Oh God, he's in. So I think I'll just go.
He looks tired and wan, which is a good sign, isn't it – he's suffering, he's atoning, he does love me after all.
‘Babe,’ he says, his voice hoarse; he opens the door wide but they stand still, on either side of the threshold, worlds apart. He shrugs. Petra waits. Their eyes dart across each other's faces for reasons and answers and who's going to speak first and say what.
‘Tell me I was sleepwalking,’ Petra whispers, locking in on eye contact like a torpedo to its target. ‘I was only sleepwalking, wasn't I?’
Rob looks pained and says nothing and won't meet Petra's gaze and she can't misread this so now she has her answer.
‘Wake me up?’ she says in a meek, final bid. And she wonders whether to hit him, to see if he's real – and if he is real, she'll really want to hit him again.

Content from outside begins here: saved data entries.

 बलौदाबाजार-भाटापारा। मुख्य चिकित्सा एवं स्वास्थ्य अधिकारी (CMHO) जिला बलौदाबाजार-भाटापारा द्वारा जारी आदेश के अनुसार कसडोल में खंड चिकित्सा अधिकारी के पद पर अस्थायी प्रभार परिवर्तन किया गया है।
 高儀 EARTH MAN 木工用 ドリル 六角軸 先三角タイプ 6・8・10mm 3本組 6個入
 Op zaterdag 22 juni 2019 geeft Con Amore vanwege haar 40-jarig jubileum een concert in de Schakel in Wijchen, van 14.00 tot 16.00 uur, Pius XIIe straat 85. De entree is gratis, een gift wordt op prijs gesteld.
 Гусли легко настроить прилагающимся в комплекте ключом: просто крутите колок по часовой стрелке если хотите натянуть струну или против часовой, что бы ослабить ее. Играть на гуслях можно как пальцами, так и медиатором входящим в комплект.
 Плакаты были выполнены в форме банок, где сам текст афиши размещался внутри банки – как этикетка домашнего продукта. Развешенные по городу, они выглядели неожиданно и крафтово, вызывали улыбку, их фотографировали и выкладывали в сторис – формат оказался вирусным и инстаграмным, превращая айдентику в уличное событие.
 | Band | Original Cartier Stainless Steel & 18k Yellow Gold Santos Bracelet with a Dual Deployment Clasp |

But Rob has walked into his flat and she shuffles in after him. His flat is really tidy, apart from the surface detritus of the Sunday papers. Petra was hoping for a hovel; that he'd have turned his world upside down in his remorse, in his search for life-changing answers. Actually, his life is personified by this flat. Swank and gadgets and gloss and a little mess on the surface that can be dumped at the end of the day. He stands, turned away from her, clasping his hands behind his head as if he's trying to stretch away the stress of it all. She can't see his face, she can't read his expression. She can only guess. And it's that which decides her. Without even seeing his face she realizes she'll always guess wrong with Rob. She wants him to be wearing an expression of torment and repentance. However, when he turns around he just looks harassed. But though he looks like shit and though it hits her in the gut, she is able to force herself to see that there's no love in his eyes for her.
‘Coffee?’
‘No.’
‘Anything?’
‘Nothing.’
He pinches the bridge of his nose. It's something that he does when he's hassled. Petra has seen him do it often; when the Japs are giving him gyp or when dealing with the Yanks is a total wank. He pinches his nose when something or someone is getting right on his bloody nerves.

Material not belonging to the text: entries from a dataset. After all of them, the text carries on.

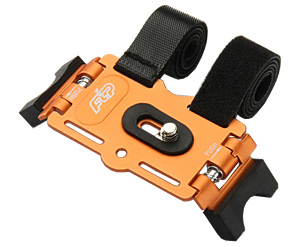中央にカメラの三脚穴に取り付けるネジを搭載し、ベルクロテープで自転車のハンドルや棒状のものにカメラを装着できるスタンド。走行中の写真や映像を撮るなど、通常ではできないような撮影が楽しめる。装着するカメラの大きさや重さの制限は特にないという。
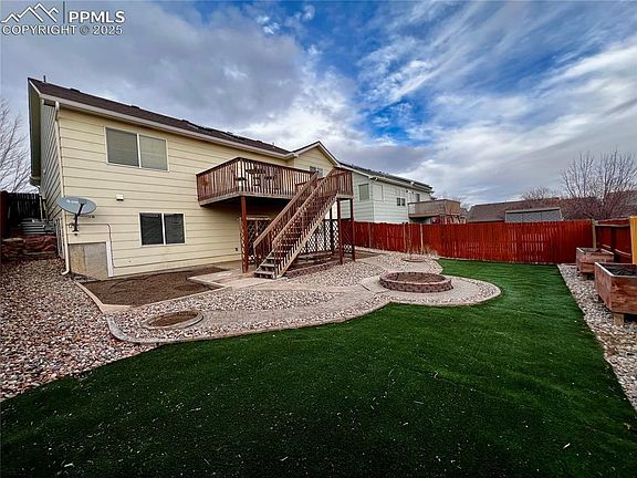 STYLISHLY UPGRADED HOME WITH PIKES PEAK VIEWS AND FINISHED BASEMENT! CONVENIENTLY LOCATED IN SOUGHT-AFTER SPRINGS RANCH COMMUNITY JUST MOMENTS AWAY FROM POWERS CORRIDOR. THIS 4 BDR/3 BATH HOME BOASTS GREAT MAIN LEVEL LIVING WITH VAULTED CEILINGS AND SKYLIGHTS PROVIDING LOTS OF NATURAL LIGHT. BEAUTIFULLY BUILT BY CLASSIC HOMES WITH COUNTRY KITCHEN, BAY WINDOW, SEPARATE DINING ROOM AND LIVING ROOM ALL WITH NATURAL HARDWOOD FLOORS. RECENT UPDATES INCLUDE NEW LIGHT FIXTURES, CEILING FANS, DOOR HARDWARE AND FAUCETS. ALL BATHROOMS HAVE UPDATED CUSTOM TILE WORK WITH GREAT ACCENTS. PRIMARY BEDROOM FEELS SPACIOUS AND ALSO TOUTS VAULTED CEILINGS AND 5-PIECE BATH RETREAT WITH A LARGE WALK-IN CLOSET. MAIN LEVEL ALSO INCLUDES A 2ND BEDROOM & FULL BATH AS WELL AS A TILED GAS FIREPLACE & CENTRAL A.C! FULLY FINISHED BASEMENT HAS A HUGE FAMILY ROOM WITH BONUS SPACE, 2 MORE LARGE BEDROOMS WITH WALK-IN CLOSETS, A ¾ BATH WITH DOUBLE SINKS AND A LARGE LAUNDRY ROOM. WALK-OUT BASEMENT LEADS TO A REAR COVERED PATIO AND XERISCAPED YARD WITH FIRE-PIT AND FLOWER BOXES READY FOR YOUR GREEN THUMBS. MAIN LEVEL DECK IS PERFECT FOR BBQ’S AND GREAT VIEWS OF PIKES PEAK. SPRINGS RANCH ELEMENTARY IS JUST A FEW BLOCKS AWAY! CLOSE TO SHOPPING, SHRIVER AND PETERSON. ALL THIS NESTLED IN A QUITE NEIGHBORHOOD; THIS HOME IS A PERFECT RETREAT YET CONVENIENTLY CLOSE TO AMENITIES.
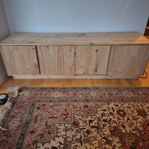 Praktisk TV-bänk med plats för spel, mm. TV-bänken är äldre och byggd i gediget trä.
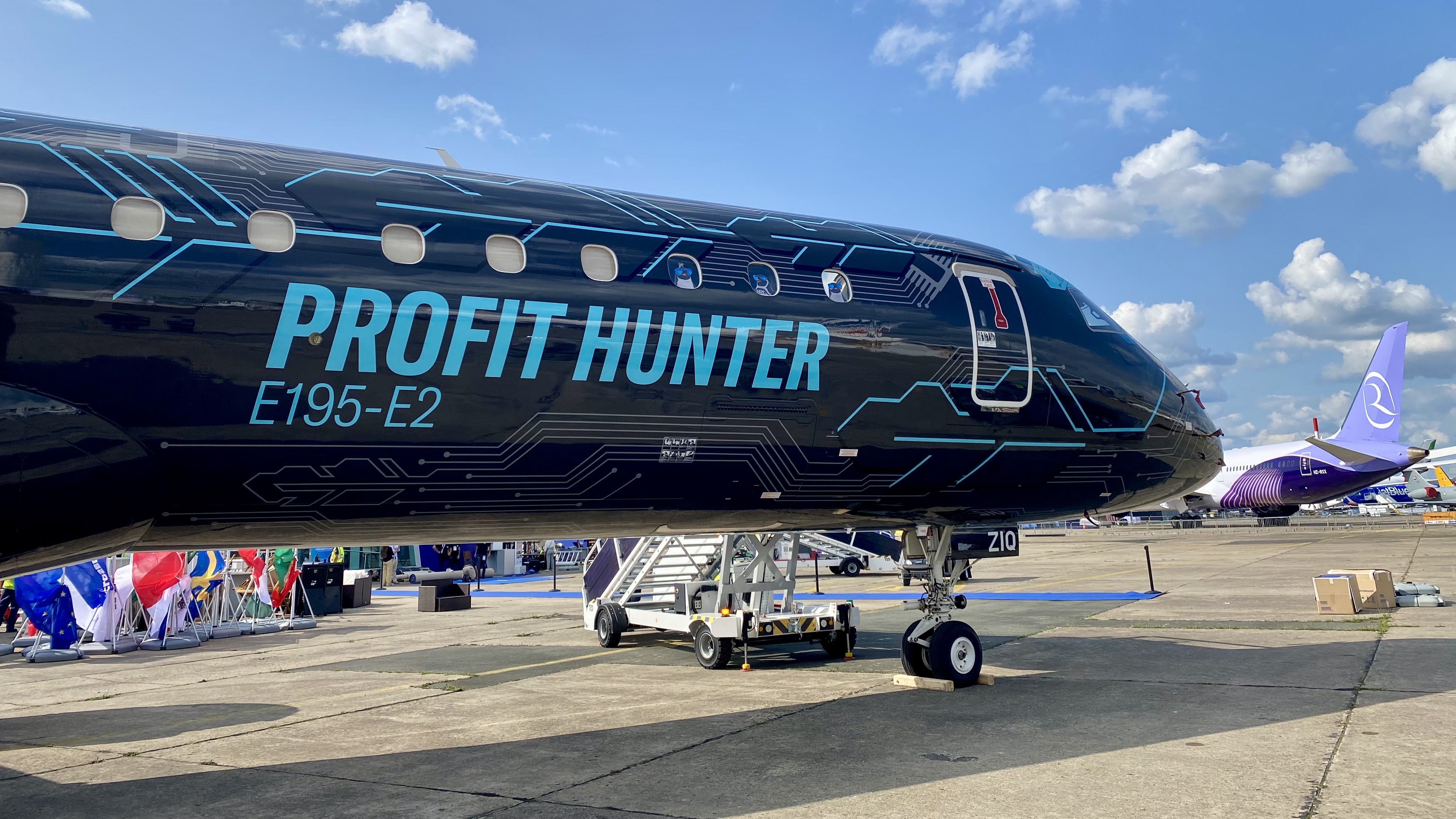 Paris Air Show 2025: Embraer E195-E2 vor einer Boeing 787 in Riyadh-Air-Farben
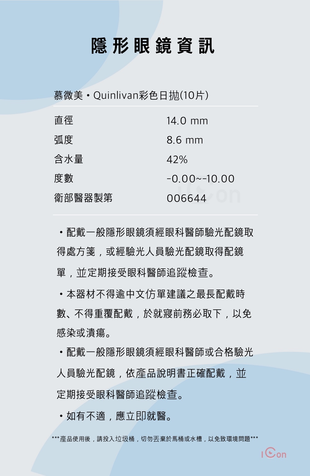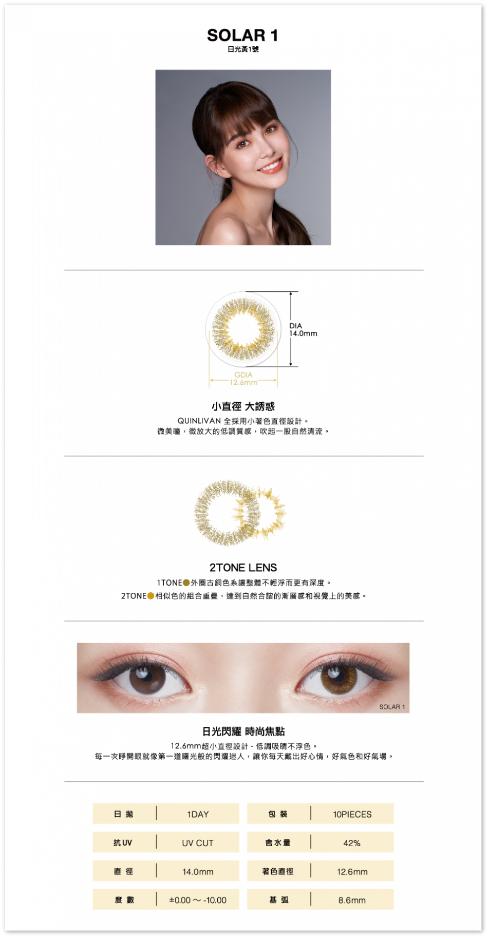 憑藉著對美的敏銳度與自我要求,品牌創始人昆凌以自我英文命名,傾力打造自然典雅兼具時尚簡約的彩色日拋隱形眼鏡品牌「QUINLIVAN」。外圈古銅色系讓整體不輕浮而更有深度,內圈相似色的組合重疊,達到自然和諧的漸層感和視覺上的美感。日光閃耀時尚焦點!12.6mm超小直徑設計,低調吸睛不浮色,每一次睜開眼就像第一道曙光般的耀眼迷人,讓你每天戴出好心情,好氣色和好氣場!

‘I wasn't sleepwalking, was I?’
Rob shakes his head and regards her blankly, his gaze so level it hurts her all the more. ‘I know I can tell you that Laura is no big deal – that we're just fuck-buddies. But you won't get it, Petra. We're too different, you and me. I like living as I do. It's a shame you have a problem with it.’
Is he actually implying that this is Petra's failing?
Petra is desperate for something to say. But while she is silently mulling soliloquies, her instinct takes over and suddenly she hears her voice and it's strong and cutting and it's out in the open, loud and clear, slashing across the detachment on Rob's face.
‘Actually, I only came for my bucket and my tin foil, you cunt.’
And as she walks purposefully away from Rob, strides from his flat and out into Islington, she doesn't know whether to sob or giggle, only she's all cried out and she can't quite summon the energy to laugh just yet. But she does know how proud everyone who loves her will be when she tells them what she did and what she said. They'll make her repeat her final
coup de grâce
again and again. They'll shriek with laughter and punch the air and hug her close. And they will all give her special dispensation for using the ‘C’ word. They'll think she's a star, they'll know she's going to be just fine. They'll know that great times are her due. But it'll take a while before she nods and says I know that too.